Reaction conditions: 1Ni4Cu/MgO catalyzer 0.3g, do not add Ca (OH)
2, reaction pressure 6MPa, temperature of reaction 140 DEG C, reaction 2h, be warming up to 220 DEG C, reaction 3h.(in table, EG is ethylene glycol; 1,2-PD is 1,2-PD; GLY is glycerine)
Increase glucose concn to 15wt%, the yield of 1,2-PD slightly increases.Continuing the concentration of increase glucose to 20wt%, there is coking in product, and the yield of 1,2-PD declines, and this is relevant with the formation of water soluble polymer.Therefore, the reaction parameter of the hydrogenolysis of high concentration glucose (20wt%) is optimized.Embodiment 5
Based on the important factor that temperature is glucose hydrogenolysis, investigate the impact of second segment temperature of reaction on reaction.Following table 5 is shown in that second segment temperature of reaction affects the reaction of glucose hydrogenolysis.

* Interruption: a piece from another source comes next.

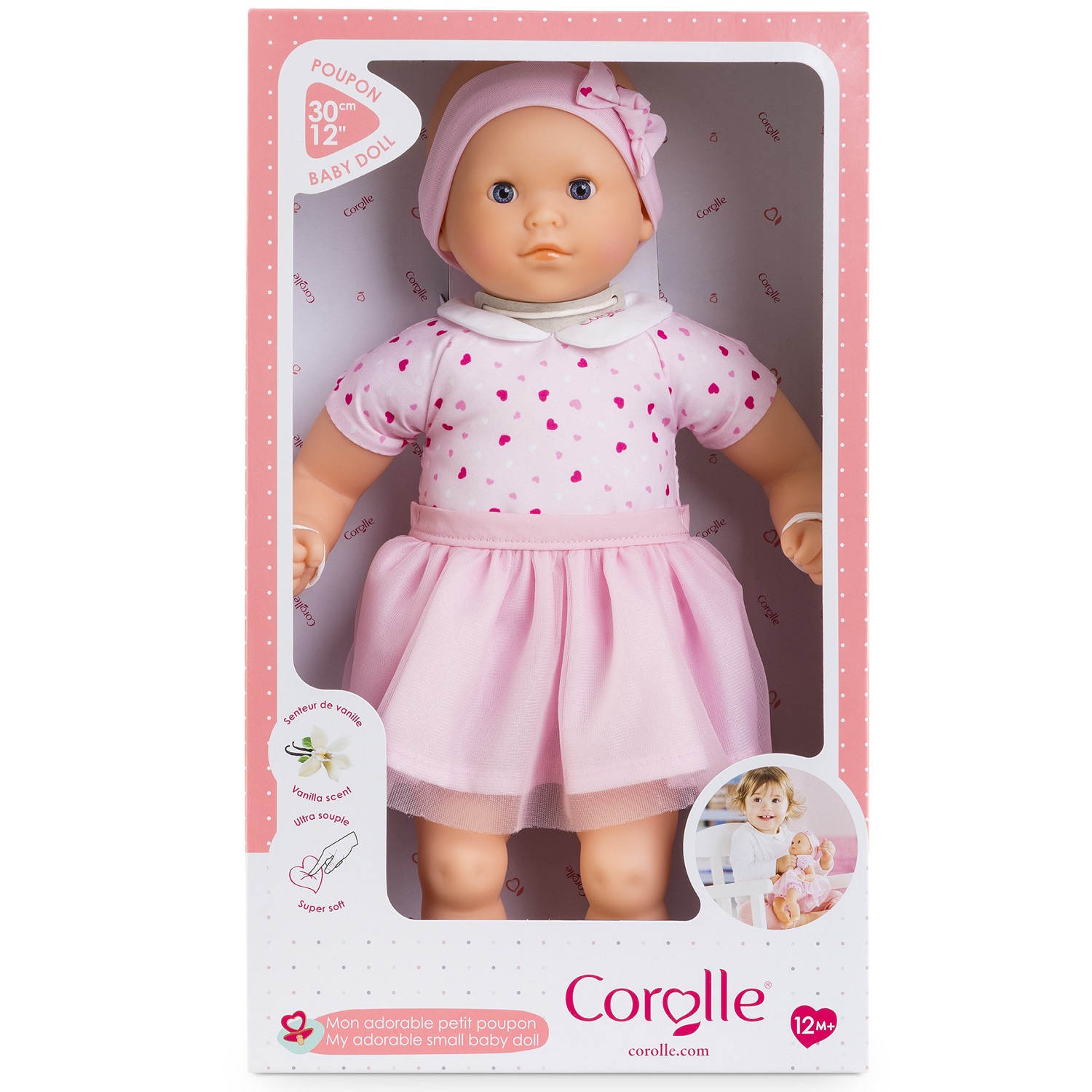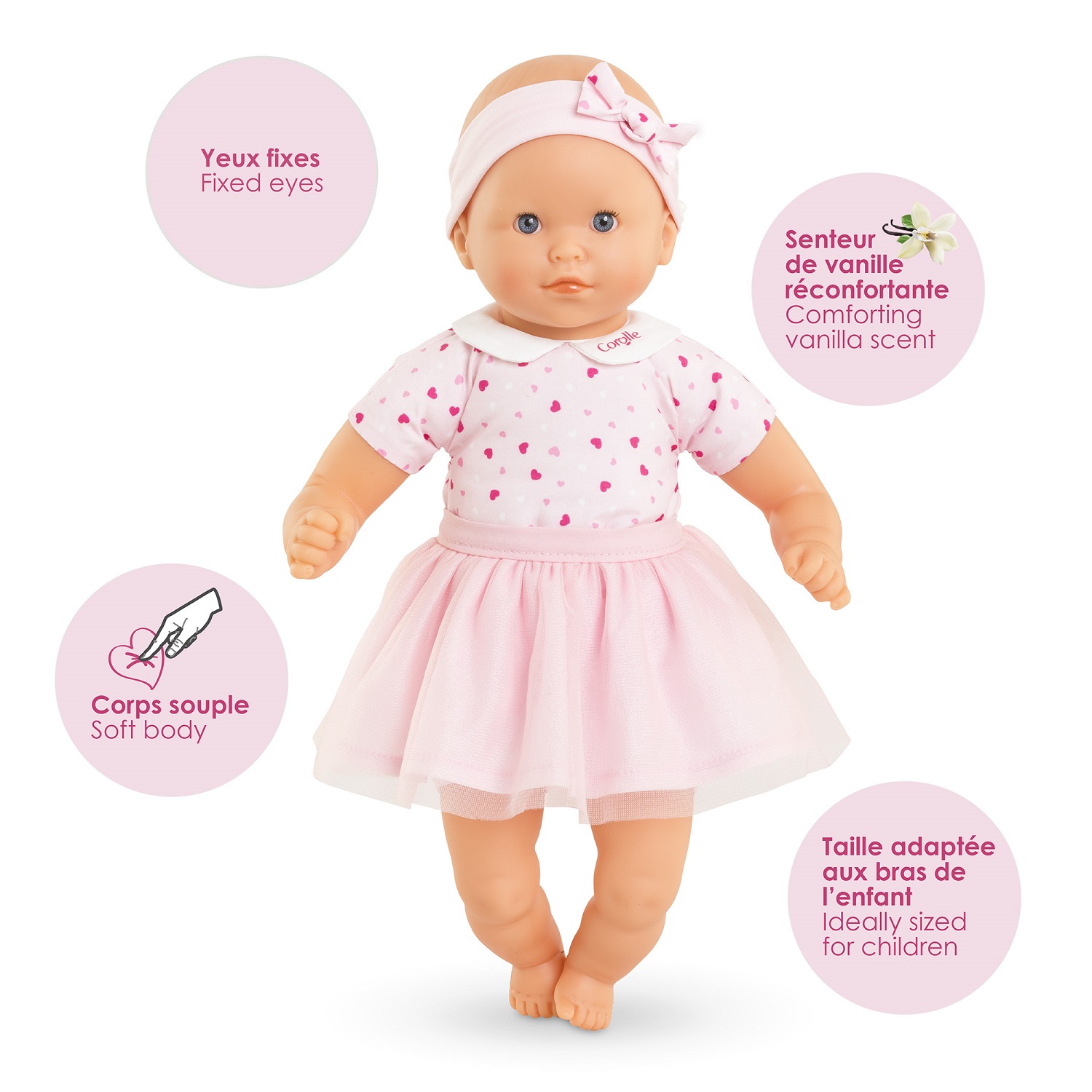 Un concentré de douceur et de réconfort pour les tout-petits ! Avec sa taille idéale de 30 cm, Mon Adorable Petit Poupon Cœurs est parfaitement adapté aux bras et aux petites mains des enfants dès 12 mois. Léger et souple, il se manipule facilement, offrant des heures de câlins et de jeu. Son visage réaliste, ses bras et ses jambes en vinyle doux au toucher, délicatement parfumés à la vanille, apportent une touche sensorielle unique. Ses yeux fixes bleus, pleins de charme, éveillent la complicité et la tendresse. Un look irrésistible : Mon Adorable Petit Poupon Cœurs arbore un joli tissu imprimé de petits cœurs roses, un col claudine raffiné orné du logo Corolle et un tutu en tulle amovible. Son bandeau assorti vient parfaire cette tenue empreinte de douceur. Grâce à sa collection de vêtements et d'accessoires, spécialement conçus pour la gamme mon Premier Poupon Corolle, votre enfant pourra s'initier aux joies du jeu d'imitation et prendre soin de son poupon comme un vrai bébé. Dès 12 mois – Un premier poupon idéal pour accompagner les premiers moments de jeu et de tendresse. Un cadeau parfait pour faire briller les yeux des tout-petits ! Mon Adorable Petit Poupon Coeurs ne peut prendre de tétine dans sa bouche. Pour des raisons de conditionnement, la jupe a été fixés par des points de couture au corps du poupon. Il convient de les couper délicatement pour profiter pleinement et séparément du poupon, et de sa jupe. Ainsi votre enfant pourra jouer à habiller et déshabiller son poupon à loisirs.

Reaction conditions: 20wt% D/W 30g, 1Ni4Cu/MgO catalyzer 0.3g, do not add Ca (OH)
2, reaction pressure 6MPa, react 2h under first paragraph temperature of reaction, be warming up to 220 DEG C, reaction 3h.(in table, EG is ethylene glycol; 1,2-PD is 1,2-PD; GLY is glycerine)
Following table 6 is shown in that first paragraph temperature of reaction affects the reaction of glucose hydrogenolysis.

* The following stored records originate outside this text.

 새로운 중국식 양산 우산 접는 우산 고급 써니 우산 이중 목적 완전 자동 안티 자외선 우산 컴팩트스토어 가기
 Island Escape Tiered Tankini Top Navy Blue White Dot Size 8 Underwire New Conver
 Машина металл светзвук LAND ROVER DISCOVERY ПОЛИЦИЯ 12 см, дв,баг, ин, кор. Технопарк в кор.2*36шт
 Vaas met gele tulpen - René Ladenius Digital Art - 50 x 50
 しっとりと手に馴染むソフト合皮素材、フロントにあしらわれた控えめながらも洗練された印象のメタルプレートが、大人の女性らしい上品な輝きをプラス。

Reaction conditions: 20wt% D/W 30g, 1Ni4Cu/MgO catalyzer 0.3g, do not add Ca (OH)
2, reaction pressure 6MPa, temperature of reaction 140 DEG C, reaction 2h, react 3h under second segment temperature of reaction.(in table, EG is ethylene glycol; 1,2-PD is 1,2-PD; GLY is glycerine)
As can be seen from table 5,6, along with the yield of first and second section of temperature of reaction to 1,2-PD has a certain impact.Adopt the process of two step hydrogenolysis, effectively can avoid the generation of coking process.When first paragraph temperature of reaction 140 DEG C, second segment temperature of reaction at 200 DEG C time, the yield of 1,2-PD is relatively better.Embodiment 6
Consider the important factor of reaction pressure as glucose hydrogenolysis.Following table 7 is shown in the impact of different pressures on glucose hydrogenolysis.

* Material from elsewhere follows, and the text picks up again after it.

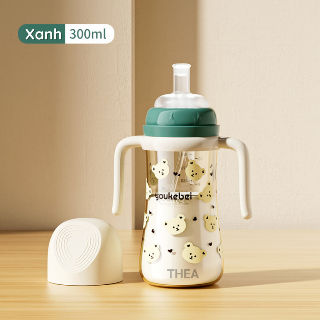 - Kích thước: Dung tích 300ml, đủ lớn để đựng nước hoặc sữa cho bé suốt cả ngày.
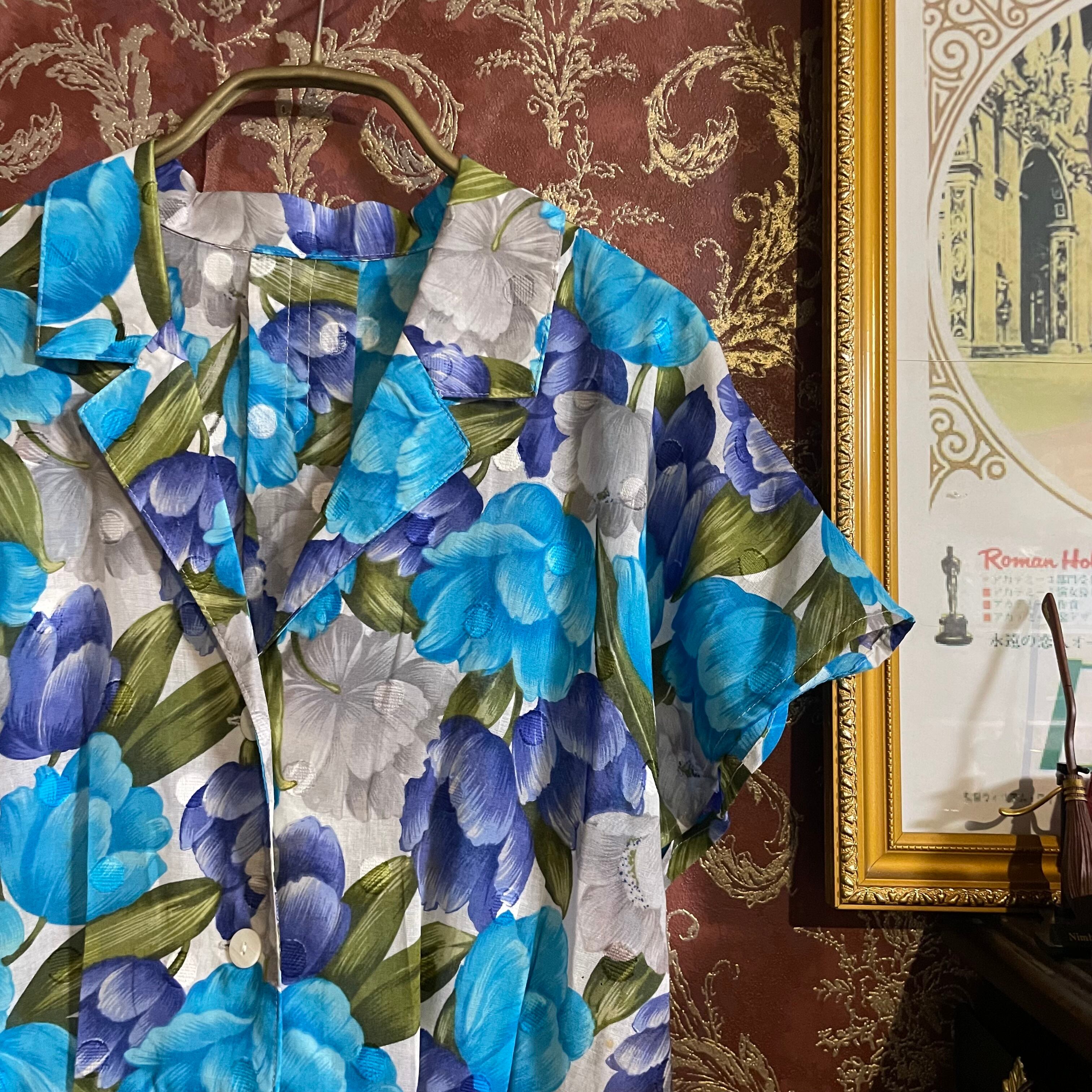 white × blue flower cotton one piece

Reaction conditions: 20wt% D/W 30g, 1Ni4Cu/MgO catalyzer 0.3g, do not add Ca (OH)
2, temperature of reaction 140 DEG C, reaction 2h, be warming up to 200 DEG C, reaction 3h.(in table, EG is ethylene glycol; 1,2-PD is 1,2-PD; GLY is glycerine)
When pressure is elevated to 8MPa, the impact of rising on hydrogenolysis of pressure becomes not obvious.And under high pressure, easily make low-carbon polyol as the transition hydrogenolysis of 1,2-PD, thus reduce its selectivity.